Posted by Erica McAlister Aug 7, 2009
I have now contacted 6 farms/animal adventure parks for next weeks field work down in Somerset. I wonder what the farmers make of me requesting to suck up their mosquito population! Some refused point blank, others were worried due to TB and swine flu and they were not letting anyone in, but most were most obliging (one even said that she would prefer it if we removed all of their flies…) so we have our field sites, our field equipment is being organised, dry ice is in house, we have a freezer at a local University down south to store our specimens... all we have to do is hope that the weather will be favorable.

As well as doing this, we are finalising a visit from the ‘Tajiks’ – this is work that I am undertaking with Ralph Harbach, a leading mosquito systematist. We have been contracted to help the Tajikistan research institutes with their mosquito eradication program alongside Nigel Hill from the London School of Hygiene and Tropical Medicine. We have already been over there to look at the field sites and see their facilities and their local museum and now we are organising a training trip for them here. It is a lot of work and that is before they have even turned up. We have them for three weeks and it is at the same time that the new Darwin Centre will be launching.

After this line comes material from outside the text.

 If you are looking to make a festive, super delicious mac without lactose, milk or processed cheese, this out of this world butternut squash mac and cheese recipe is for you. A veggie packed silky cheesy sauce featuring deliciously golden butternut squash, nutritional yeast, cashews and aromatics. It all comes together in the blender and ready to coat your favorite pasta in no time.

And I have some Brazilian researchers turning up then too….

We also have our synoptic collection to organise (we being Entomology but more specifically I mean Diptera). We are organising labels, trays and drawers but as of today there are not enough trays and drawers!! This is a usual problem as we are always needing these due to incoming material and the need to properly house our specimens.

I am already planning a holiday for after this period... some where very remote with some nice wine


Erica McAlister

Member since: Sep 3, 2009

I'm Erica McAlister, Curator of Diptera in the Entomology Department. My role involves working in the collection (I have about 30000 species to look after and over a million specimens), sometimes in the lab, and thankfully sometimes in the field.